--- GIVEN RECORDS ---
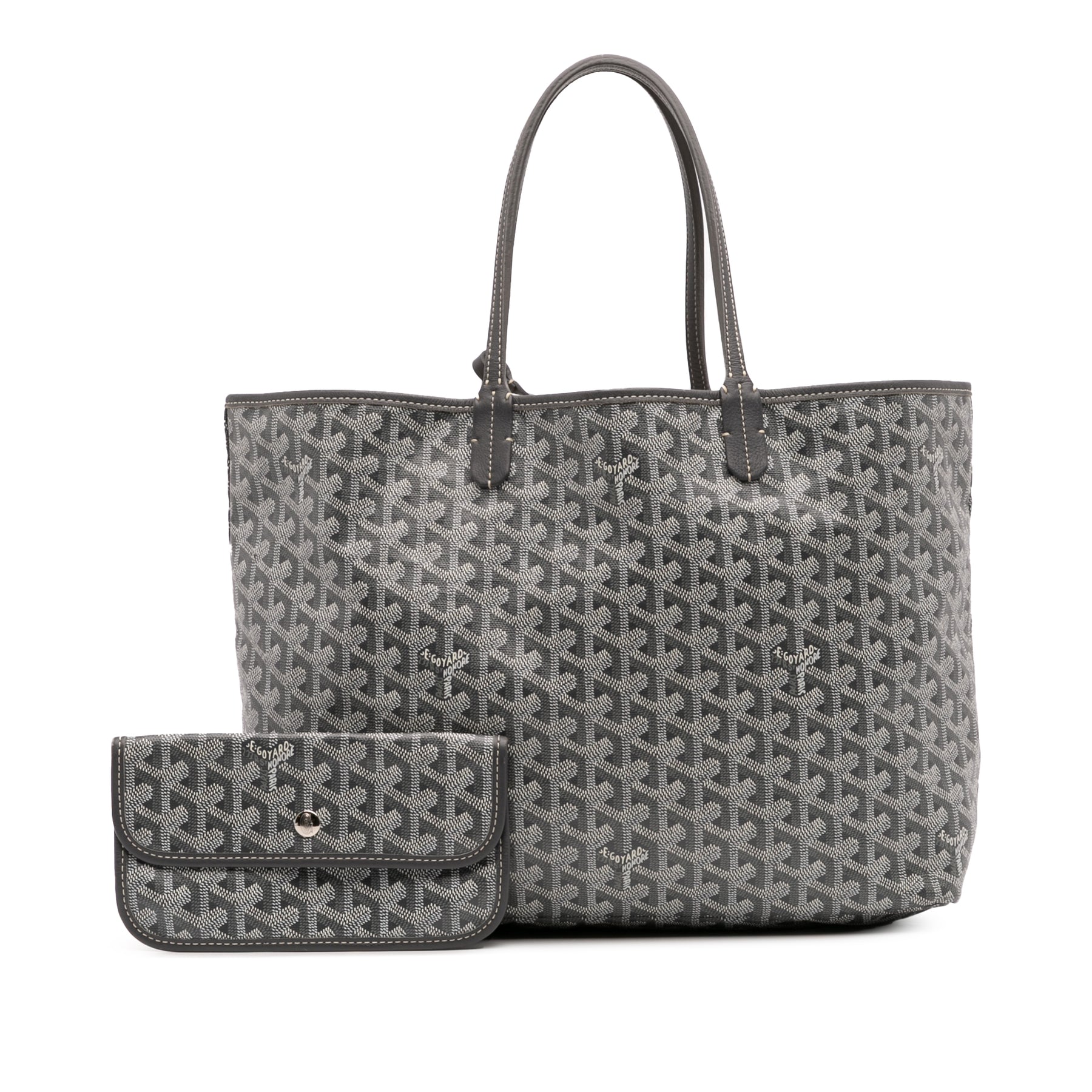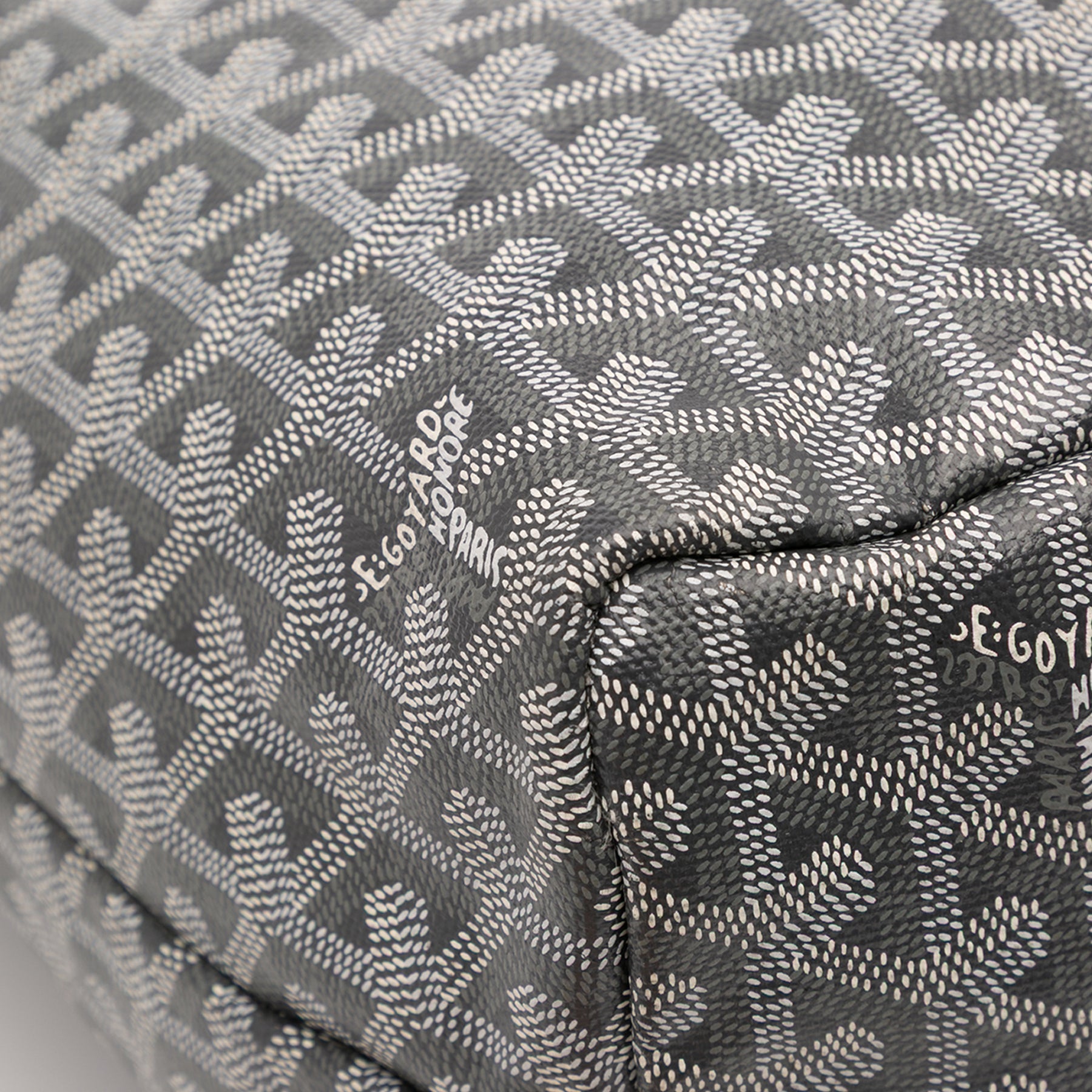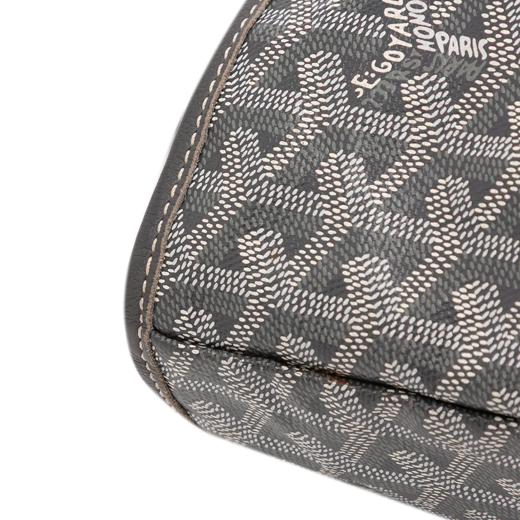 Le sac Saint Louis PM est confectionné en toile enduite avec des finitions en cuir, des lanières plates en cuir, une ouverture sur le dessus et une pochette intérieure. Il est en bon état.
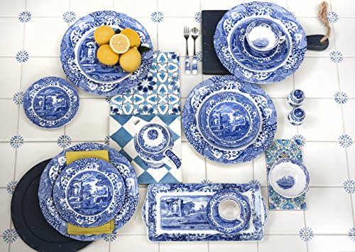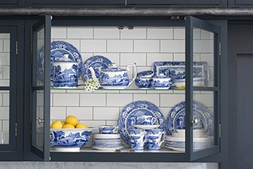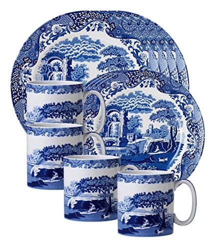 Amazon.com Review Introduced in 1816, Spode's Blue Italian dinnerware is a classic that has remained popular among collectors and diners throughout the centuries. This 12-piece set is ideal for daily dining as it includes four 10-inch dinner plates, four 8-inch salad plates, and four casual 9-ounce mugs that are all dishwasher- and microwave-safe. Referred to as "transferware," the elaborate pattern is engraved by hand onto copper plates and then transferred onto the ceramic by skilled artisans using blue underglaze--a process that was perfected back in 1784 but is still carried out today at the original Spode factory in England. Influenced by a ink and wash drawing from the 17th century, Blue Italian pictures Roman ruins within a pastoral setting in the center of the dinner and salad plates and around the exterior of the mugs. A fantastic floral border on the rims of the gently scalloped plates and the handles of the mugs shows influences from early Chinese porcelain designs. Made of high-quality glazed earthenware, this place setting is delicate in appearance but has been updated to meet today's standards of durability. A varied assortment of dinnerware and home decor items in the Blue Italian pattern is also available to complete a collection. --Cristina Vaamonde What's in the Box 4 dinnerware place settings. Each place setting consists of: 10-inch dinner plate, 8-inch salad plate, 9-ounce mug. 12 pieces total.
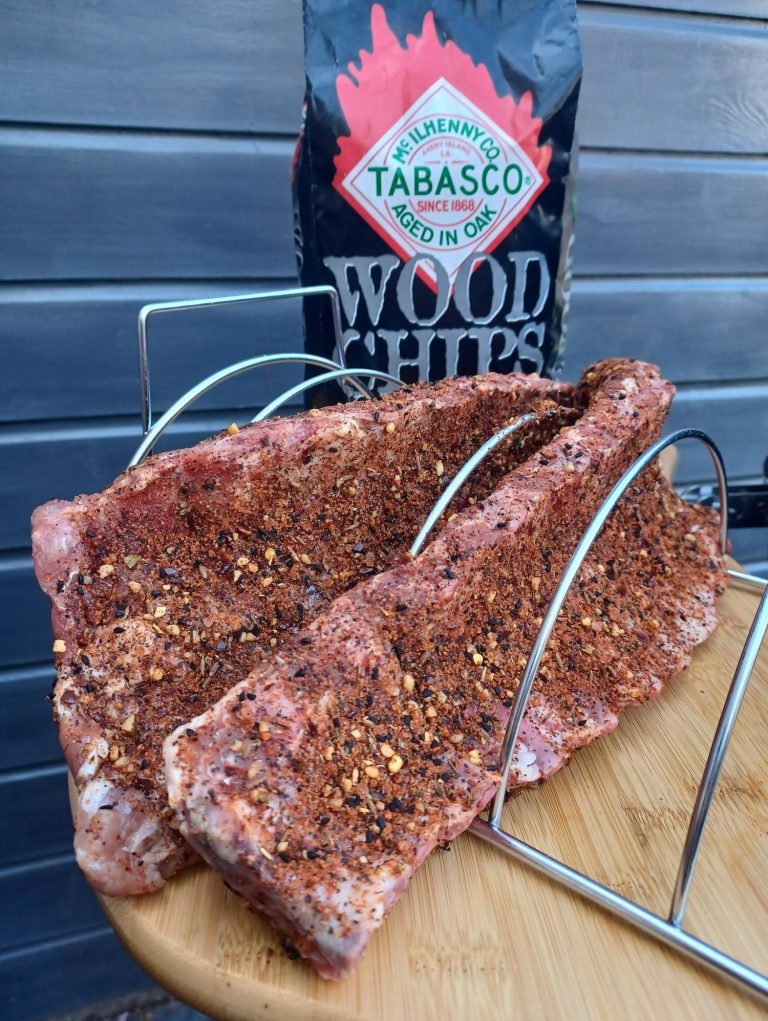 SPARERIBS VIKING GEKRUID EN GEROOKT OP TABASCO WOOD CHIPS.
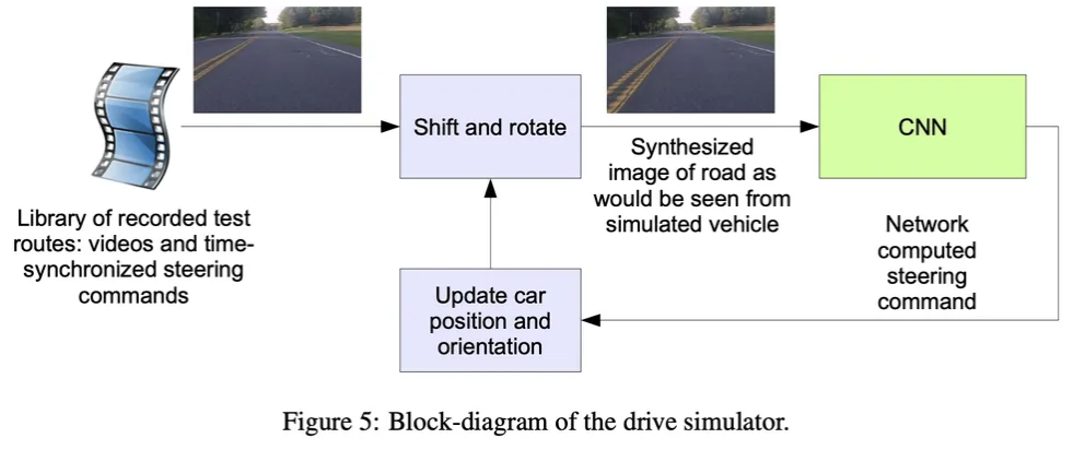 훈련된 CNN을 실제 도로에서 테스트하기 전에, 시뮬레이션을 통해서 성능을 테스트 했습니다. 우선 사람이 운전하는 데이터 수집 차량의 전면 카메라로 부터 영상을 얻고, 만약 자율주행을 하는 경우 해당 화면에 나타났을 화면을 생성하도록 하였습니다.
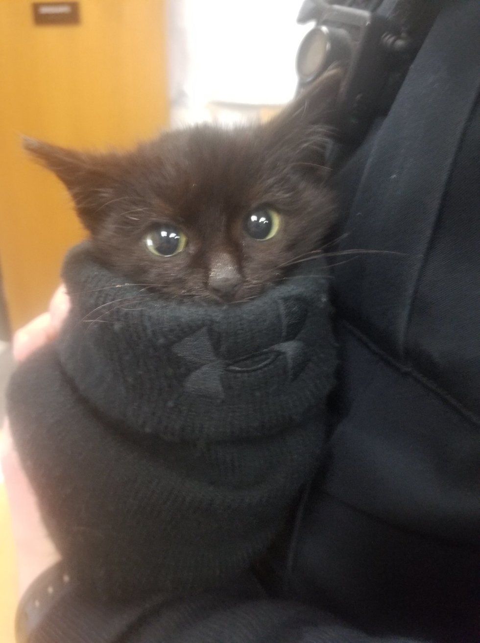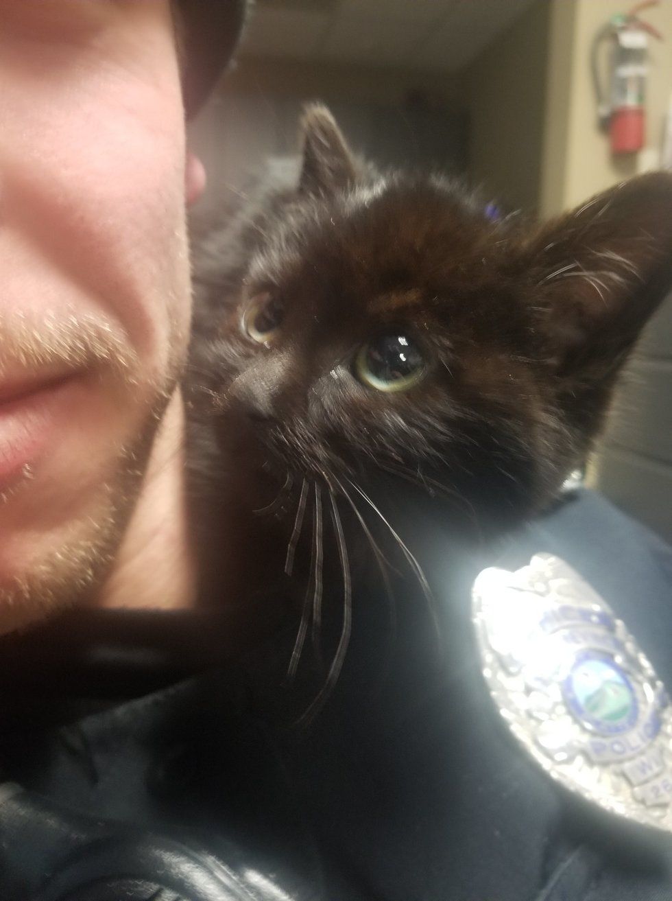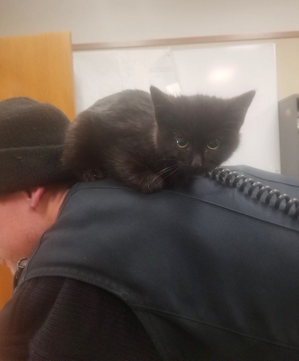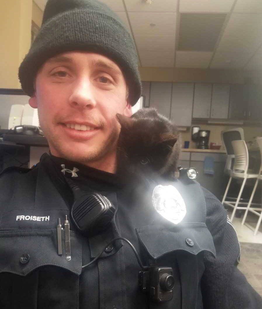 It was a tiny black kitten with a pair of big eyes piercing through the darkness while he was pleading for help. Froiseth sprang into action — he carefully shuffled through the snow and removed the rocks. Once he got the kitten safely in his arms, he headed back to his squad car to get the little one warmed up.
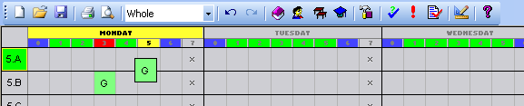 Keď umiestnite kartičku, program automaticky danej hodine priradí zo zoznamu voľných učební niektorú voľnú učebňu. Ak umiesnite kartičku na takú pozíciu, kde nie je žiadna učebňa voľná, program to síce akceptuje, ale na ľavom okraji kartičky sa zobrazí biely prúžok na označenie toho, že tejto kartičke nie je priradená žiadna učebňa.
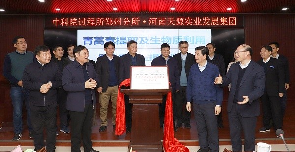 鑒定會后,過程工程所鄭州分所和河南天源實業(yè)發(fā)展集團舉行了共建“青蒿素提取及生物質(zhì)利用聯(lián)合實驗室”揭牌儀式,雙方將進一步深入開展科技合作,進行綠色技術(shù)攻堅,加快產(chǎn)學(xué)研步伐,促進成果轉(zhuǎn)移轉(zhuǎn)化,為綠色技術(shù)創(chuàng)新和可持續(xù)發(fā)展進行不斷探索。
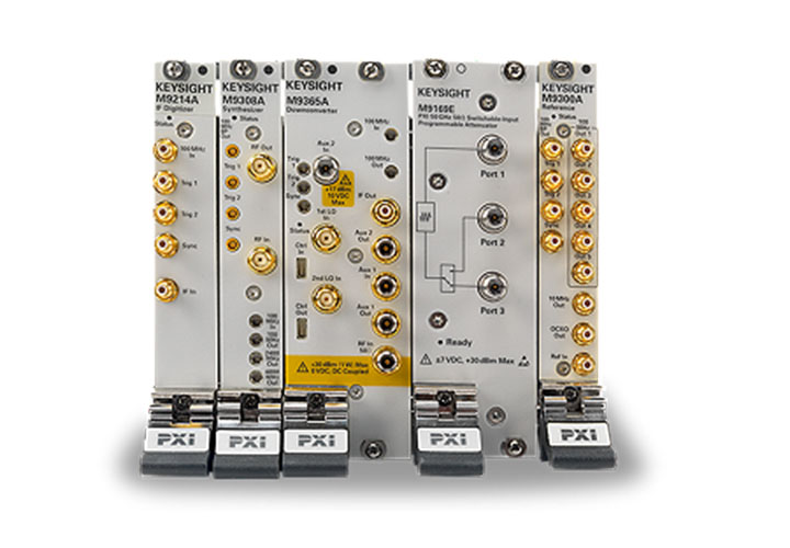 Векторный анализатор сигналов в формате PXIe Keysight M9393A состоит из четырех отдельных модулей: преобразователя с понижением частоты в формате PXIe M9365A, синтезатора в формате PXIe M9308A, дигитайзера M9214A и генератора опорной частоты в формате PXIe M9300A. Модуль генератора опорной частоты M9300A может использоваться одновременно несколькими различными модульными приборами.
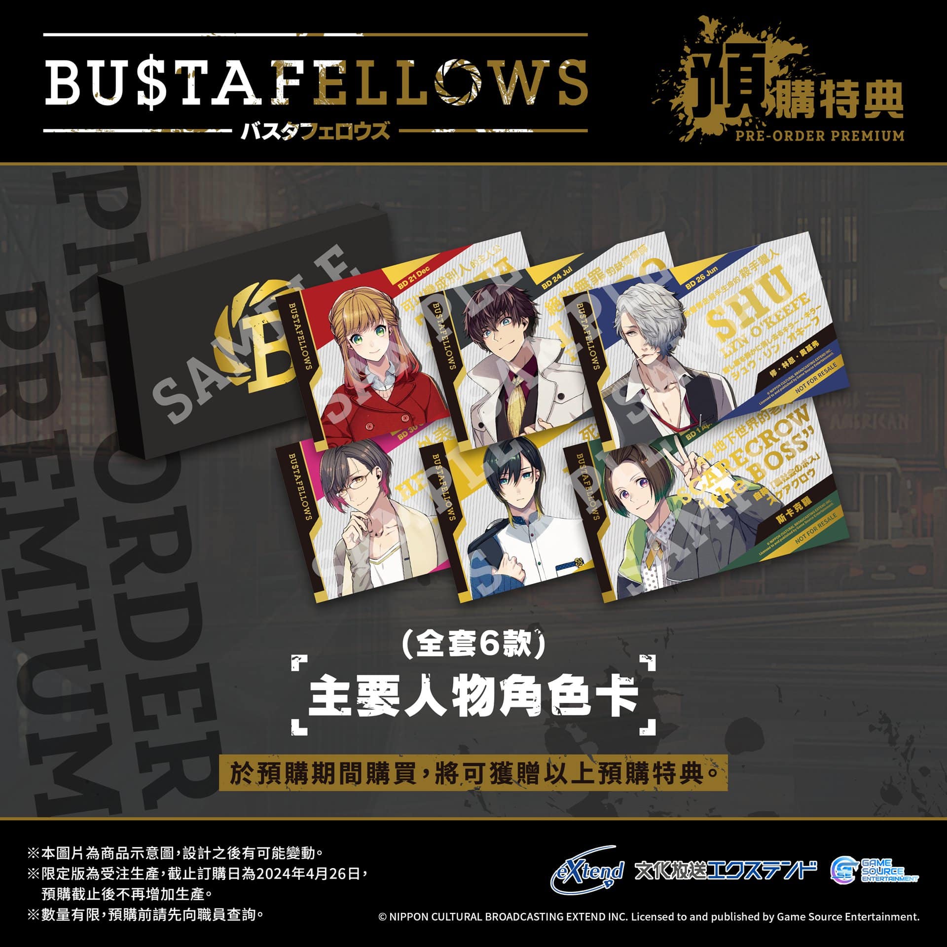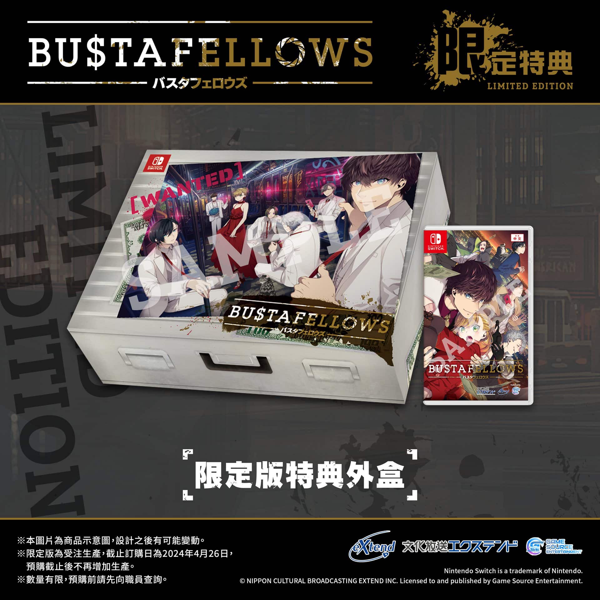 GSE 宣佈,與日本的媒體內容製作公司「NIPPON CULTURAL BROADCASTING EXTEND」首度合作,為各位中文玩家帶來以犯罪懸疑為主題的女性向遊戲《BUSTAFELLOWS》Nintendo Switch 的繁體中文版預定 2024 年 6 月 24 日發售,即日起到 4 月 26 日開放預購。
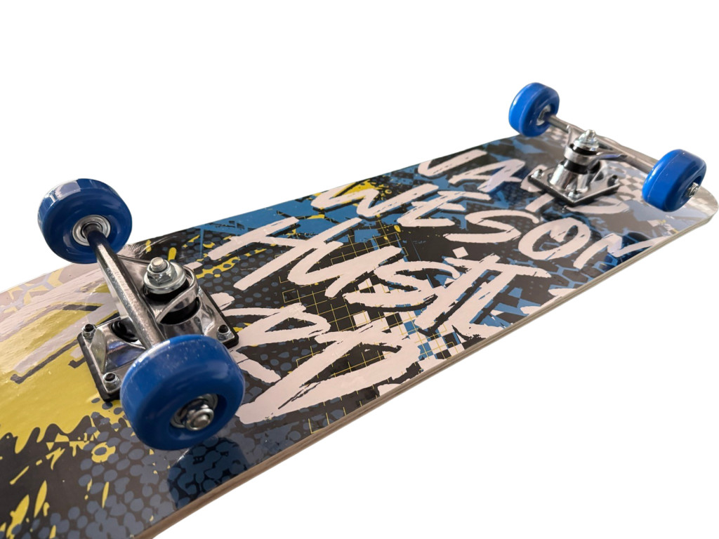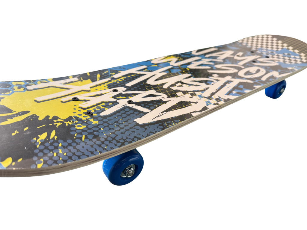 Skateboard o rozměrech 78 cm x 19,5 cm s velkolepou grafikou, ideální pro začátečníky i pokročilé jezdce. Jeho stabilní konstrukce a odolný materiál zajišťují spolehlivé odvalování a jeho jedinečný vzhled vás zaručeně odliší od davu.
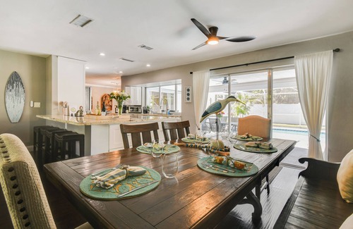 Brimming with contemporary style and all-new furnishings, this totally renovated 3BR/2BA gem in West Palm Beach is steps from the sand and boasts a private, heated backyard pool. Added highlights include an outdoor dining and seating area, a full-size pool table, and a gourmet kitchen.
---
### EXERCISE DETAILS
Would you print, exactly as they appear, the lines from the line with "GSE 宣佈,與日本的媒體內容製作公司「NIPPON CULTURAL" through the end of the entries above, leaving out the pictures?

### YOUR SOLUTION
 GSE 宣佈,與日本的媒體內容製作公司「NIPPON CULTURAL BROADCASTING EXTEND」首度合作,為各位中文玩家帶來以犯罪懸疑為主題的女性向遊戲《BUSTAFELLOWS》Nintendo Switch 的繁體中文版預定 2024 年 6 月 24 日發售,即日起到 4 月 26 日開放預購。
 Skateboard o rozměrech 78 cm x 19,5 cm s velkolepou grafikou, ideální pro začátečníky i pokročilé jezdce. Jeho stabilní konstrukce a odolný materiál zajišťují spolehlivé odvalování a jeho jedinečný vzhled vás zaručeně odliší od davu.
 Brimming with contemporary style and all-new furnishings, this totally renovated 3BR/2BA gem in West Palm Beach is steps from the sand and boasts a private, heated backyard pool. Added highlights include an outdoor dining and seating area, a full-size pool table, and a gourmet kitchen.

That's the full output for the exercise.